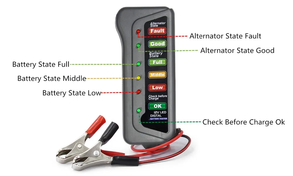 This battery tester, safe and easy to operate, has multiple functions: alternator state check, battery condition check, check before cargo and overload. Display, tell us the state alternator and battery, thus improving our driving safety.
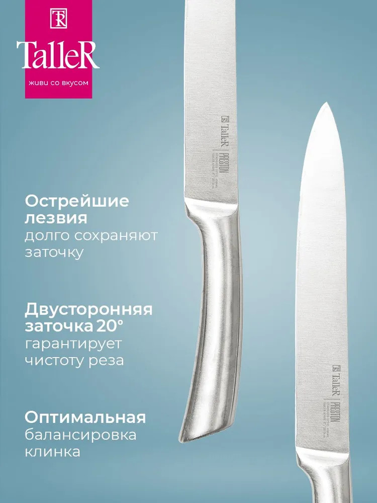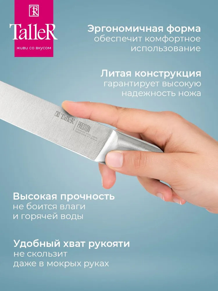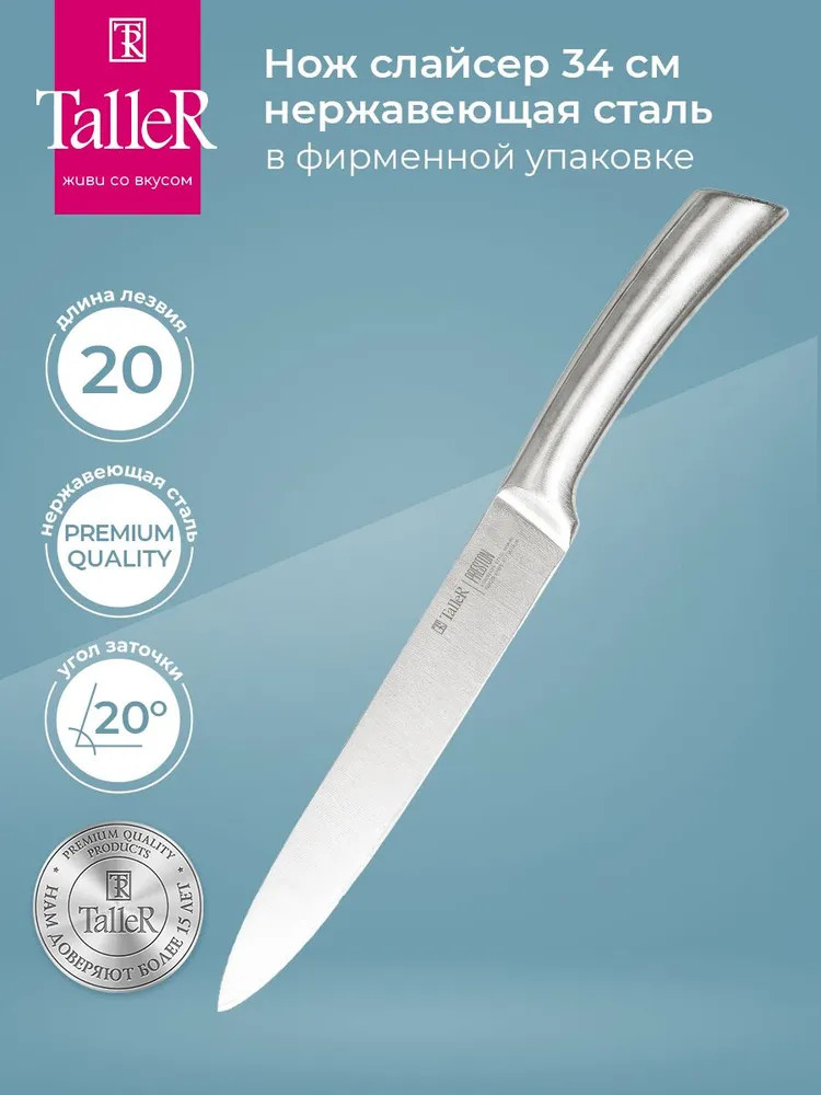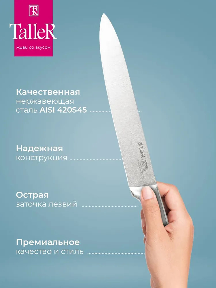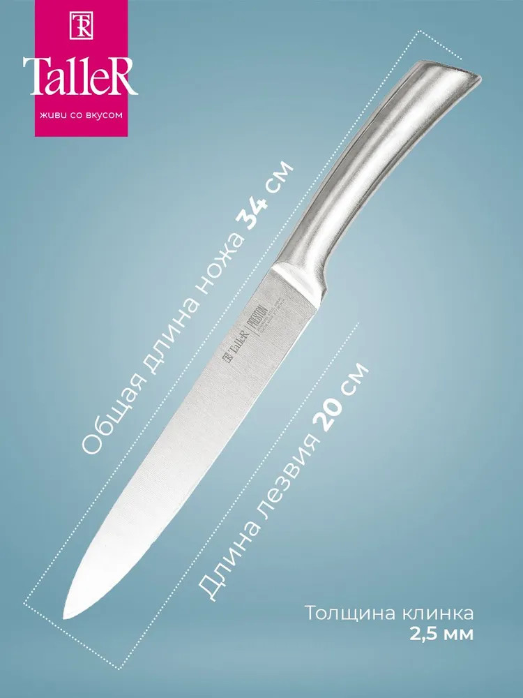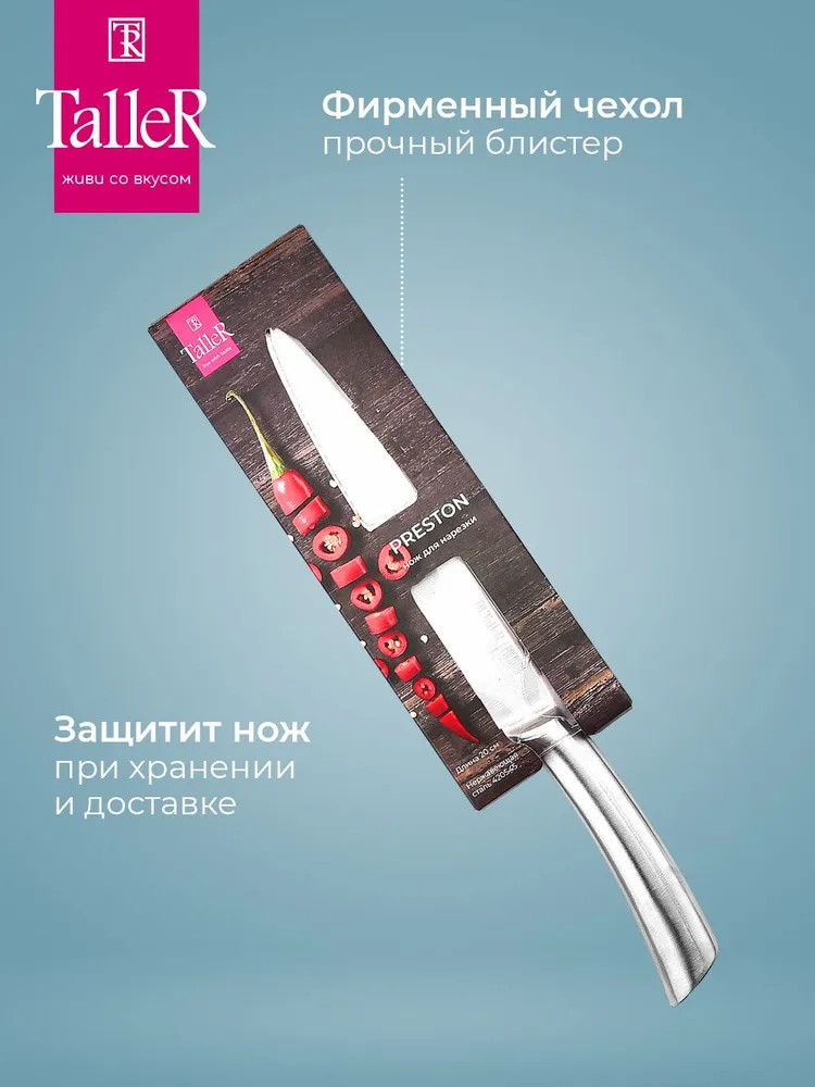 TalleR Нож для нарезки «Престон»В данный момент этот товар отсутствует в продаже. Возможно, у нас найдется аналогичный или похожий товар здесь. Подходит для нарезки овощей, фруктов и зелени, сырого и вареного мяса, разделки курицы и рыбы. Им легко нарезать арбуз, дыню. Толщина лезвия — 2,5 мм. Лезвие ножей сделано из высококачественной коррозионностойкой стали AISI 420S45. Ручка выполнена из нержавеющей стали. |
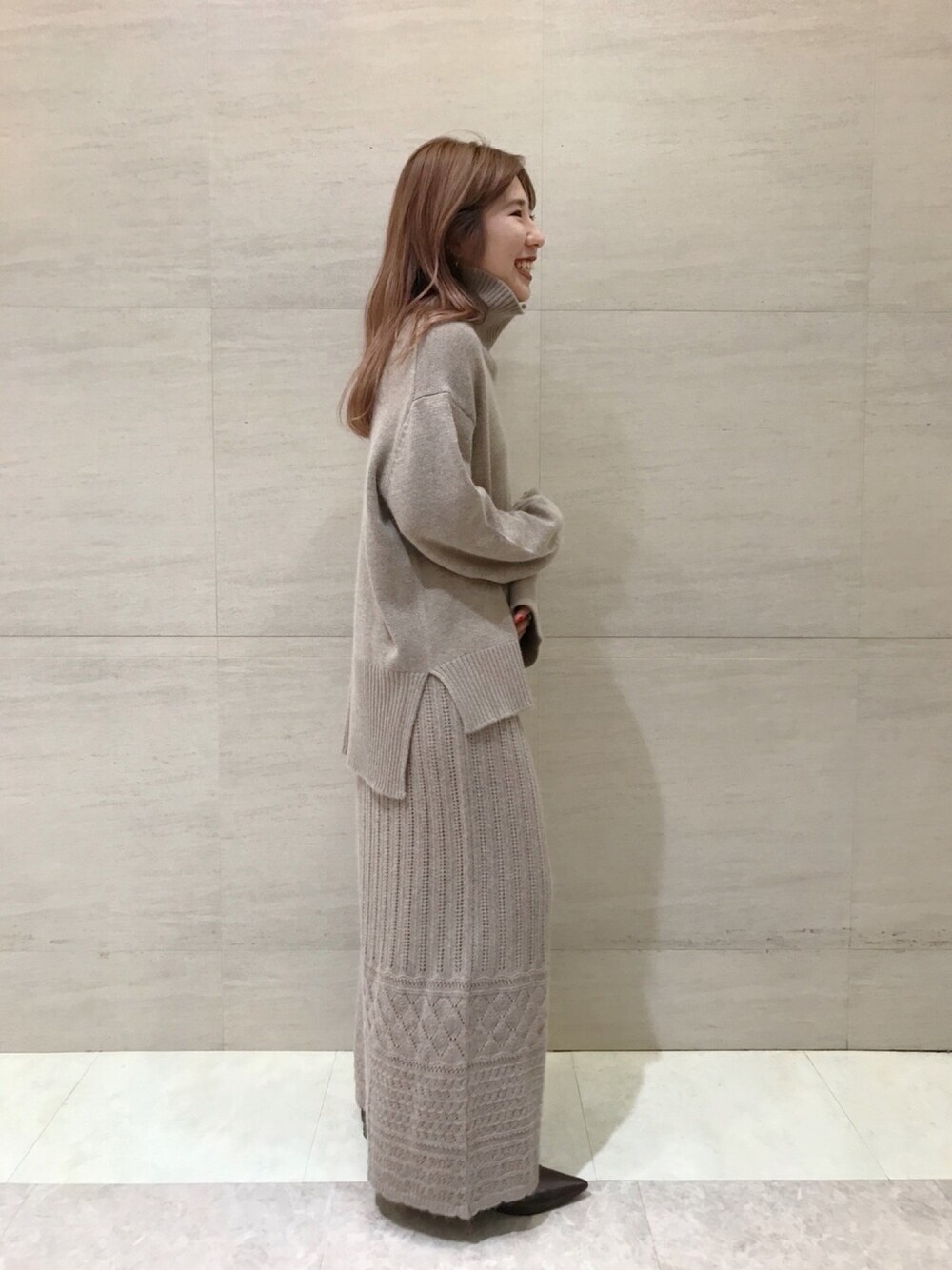 ベージュのニットのセットアップ🧶 めちゃくちゃ可愛い、、!! instagram/@doudou_riko
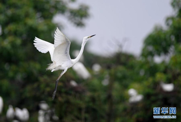 白鷺在南昌市新建區(qū)象山森林公園內飛翔(5月18日攝)。
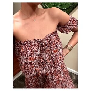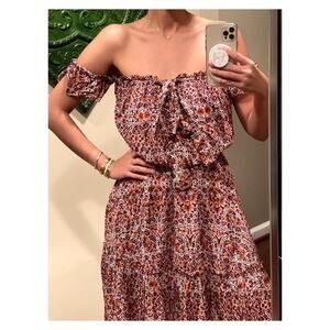 Misa Los Angeles Floral Off Shoulder Mid Length Dress RARE Find

What is required -
Leaving the pictures aside, repeat the data above exactly.

Exercise answer -
 This battery tester, safe and easy to operate, has multiple functions: alternator state check, battery condition check, check before cargo and overload. Display, tell us the state alternator and battery, thus improving our driving safety.
 TalleR Нож для нарезки «Престон»В данный момент этот товар отсутствует в продаже. Возможно, у нас найдется аналогичный или похожий товар здесь. Подходит для нарезки овощей, фруктов и зелени, сырого и вареного мяса, разделки курицы и рыбы. Им легко нарезать арбуз, дыню. Толщина лезвия — 2,5 мм. Лезвие ножей сделано из высококачественной коррозионностойкой стали AISI 420S45. Ручка выполнена из нержавеющей стали. |
 ベージュのニットのセットアップ🧶 めちゃくちゃ可愛い、、!! instagram/@doudou_riko
 白鷺在南昌市新建區(qū)象山森林公園內飛翔(5月18日攝)。
 Misa Los Angeles Floral Off Shoulder Mid Length Dress RARE Find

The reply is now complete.